Hard rock true to tonal with a clear notion, does Will of the People looks to be Muse’s best music in years?
Let’s push the emperors into the ocean//: A message bottled clearest on the last single, We Are Fucking Fucked, Muses’ ninth studio album (and possible seventh album straight to number 1, might I add) Will of the People is a soundtrack for the toppling of giants and the re-liberation of a once lost society.

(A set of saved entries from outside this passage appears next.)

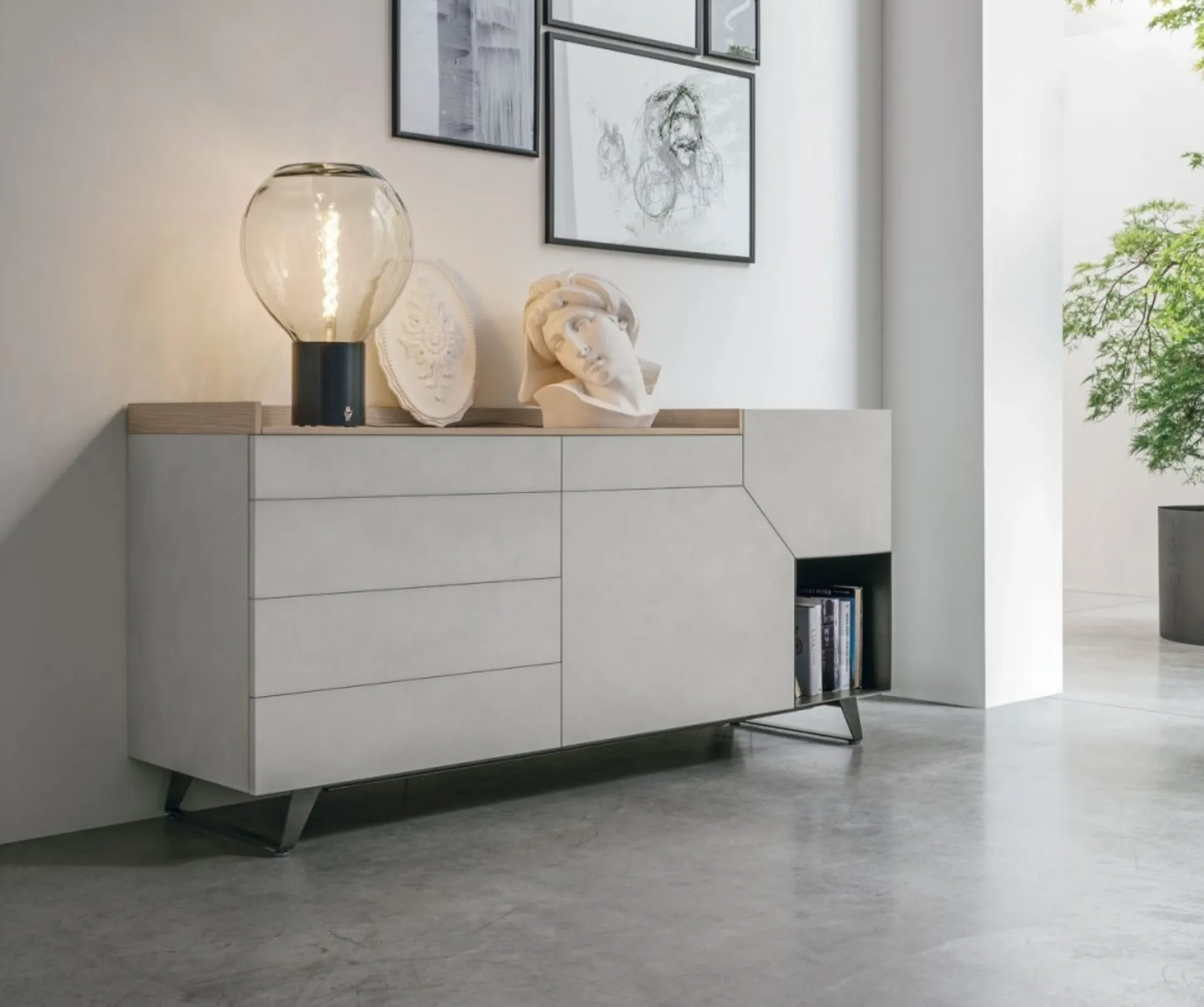Arreda un soggiorno dinamico e operativo con questa madia Remix X05 di Tomasella: scopri le più belle Madie in melaminico.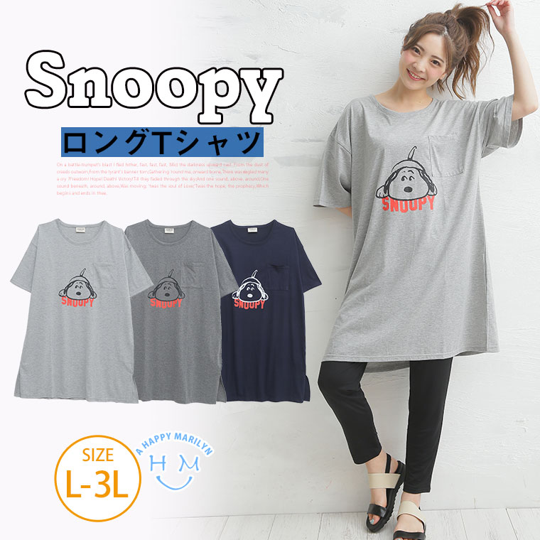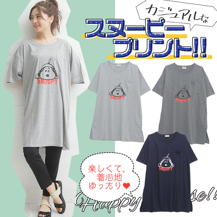 カジュアルかわいいスヌーピーがポイント!ロングTシャツ。 ★サイズ:L~3L ¥1,620(税込)
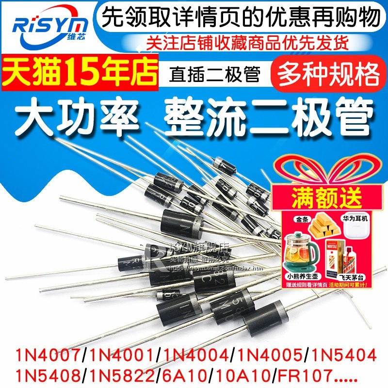 📚 1N4007 10A10 1N5408 1N5819 4001 5822整流二极管级快恢复IN4007
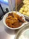 Hong Kong street food is characterised as the ready-to-eat snacks and drinks sold by hawkers or vendors at food stalls, including egg tarts, fish balls, egg waffles and stinky tofu, according to the definition provided by the Food and Agriculture Organization.[1] They can be found throughout the city, especially in the areas of Mong Kok, Causeway Bay, Yuen Long, Tsuen Wan, and Kwun Tong.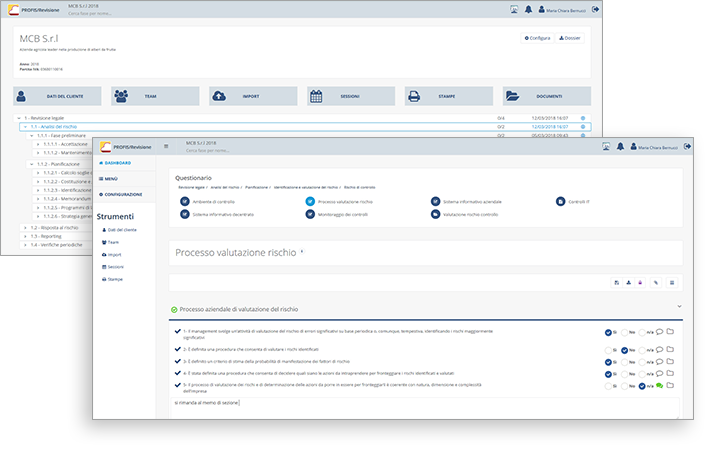 PROFIS/Revisione è lo strumento web facile da utilizzare e in grado di guidare il revisore in tutte le fasi in cui si articola l’attività di revisione, dalla verifica della regolare tenuta della contabilità alla revisione conclusiva sul bilancio, redatto in base ai principi contabili nazionali. Strutturato in base alle varie fasi di lavoro, quindi, questo strumento permette di controllare facilmente gli stati di avanzamento, grazie anche al supporto delle carte di lavoro elaborate dalla procedura o inserite come allegato.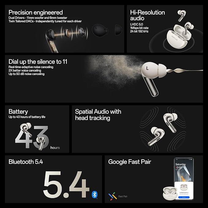 OnePlus Buds Pro 3 Bluetooth TWS in-Ear Buds – Dual Drivers, Dual DACs, Dynaudio EQs, AI-Powered Translator, Up to 50dB Adaptive Noise Cancellation, Up to 43Hrs Battery. ⭐⭐⭐⭐⭐ (4.9/5)

While Marilyn Manson might have something to say with Will Of The <Beautiful> People, it’s a cathartic album boasting heavy Muse that we missed in Simulation Theory but also bringing Bellamy’s classical training with his piano ballads that are always empowering in their own right.
I never believed that I would concedeWon’t Stand Down, Muse
And get myself blown asunder
You strung me along, I thought I was strong
But now you have pushed me under
While synth-heavy Compliance and angry-distorted Slipknot-enfused Won’t Stand Down reflects a charged nation of aggressively-sexy hard rock ‘riffage’, both Liberation and Ghosts (How Can I Move On) shows a more poignant and reflective thought almost post-war as Muse toy and fray between the piano ballads of 2004’s Absolution and orchestral archetypes on The Resistance of ’09.
While You Make Me Feel Like It’s Halloween is a musical parody of The Addams Family, the supercharged guitar inflections and Dom’s use of the bell ride also plays homage to Royal Blood’s approach on new discotheque 2021’s Typhoons and seems like it fits on another project as it doesn’t really play its part in the conversation of a rising rebellion. It will do damn well nearing October’s festivities though, that’s for sure, with it perhaps featuring on all too-many film soundtracks. Kill or Be Killed feeds into the Assassin and Reapers of a Terminator-themed ideology as a nation is ultimately culled. It’s raw, quite frankly explosive and will almost certainly do well when their live shows hit our stadiums next year.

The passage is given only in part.